Shoppingcenter gegen Innenstadt: Fall für Wettbewerbshüter

Geschäfte verlassen die Innenstadt in Richtung Shoppingmall
In Niederösterreich wurde eine Drogeriekette von Shoppingmall per Vertrag gezwungen, ihre Innenstadt-Filiale zu schließen.

Der Wettbewerb zwischen den großen Shoppingcentern und dem Handelsangebot der Innenstädte wird mit immer härteren Bandagen geführt. In einem Präzedenzfall wird der ausufernde Konkurrenzkampf nun sogar ein Fall für die Bundeswettbewerbsbehörde. In Wiener Neustadt hat das Shoppingcenter Merkur City eine Drogeriekette mittels einer Vertragsklausel dazu gezwungen, bis Jahresende ihren Standort in der Innenstadt zu schließen – noch dazu in einer Fußgängerzone, die gerade um drei Millionen Euro aus öffentlichen Mitteln generalsaniert wurde.

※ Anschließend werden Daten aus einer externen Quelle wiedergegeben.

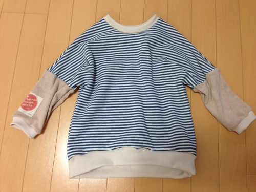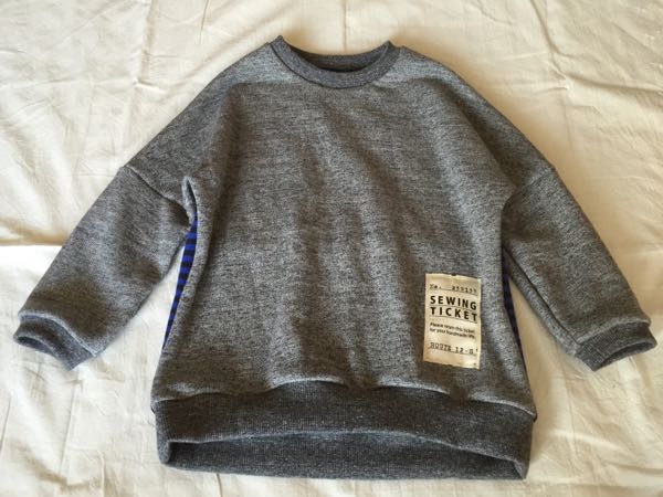 toco.さんのプルオーバー1103日連続で作りました。やっぱり好き。こちらと同じような配色になってしまいましたが、身生地は裏起毛のボーダーの裏毛で、リブともにcosmoさん。袖部分は猫の隠れ家さん。タグはbasic Plusさんでいただいたものです。着画とってみました。ちなみに参考までに、身長106体重14キロです。↓ぽちってくださると、はげみになります。にほんブログ村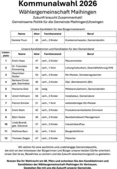 Nutzen Sie Ihr Wahlrecht am 08. März und schenken Sie den Kandidatinnen und Kandidaten der Wählergemeinschaft Maihingen Ihr Vertrauen.

Die Stadtregierung und ÖVP-Bürgermeister Klaus Schneeberger wertet die Machenschaften als „feindlichen Angriff“ und einen „Versuch, die Innenstadt ausbluten zu lassen“. Die deutsche Drogeriekette Müller betreibt in Wiener Neustadt zwei Standorte. Einen in Innenstadt-Bestlage und den zweiten in der Shoppingmall Merkur City der milliardenschweren deutschen Investgruppe „KGAL“.

Müller WN

Drei Stockwerke

Weil Müller aus wirtschaftlichen Gründen die Innenstadt-Filiale auf drei Stockwerken aufgeben wollte, schaltete sich die Stadt zur Rettung der 70 Arbeitsplätze in die Causa ein, verhandelte eine Mietpreisreduktion und gab eine Ausfallshaftung. Ein Sideletter im Mietvertrag der Merkur City machte den Deal jedoch in letzter Sekunde zunichte. „Müller musste sich verpflichten, seinen Innenstadt-Standort zugunsten der Filiale im Shoppingcenter bis Jahresende zu schließen. Dieser Knebelvertrag lässt die Innenstadt ausbluten. Wir sind fassungslos“, erklärt Schneeberger.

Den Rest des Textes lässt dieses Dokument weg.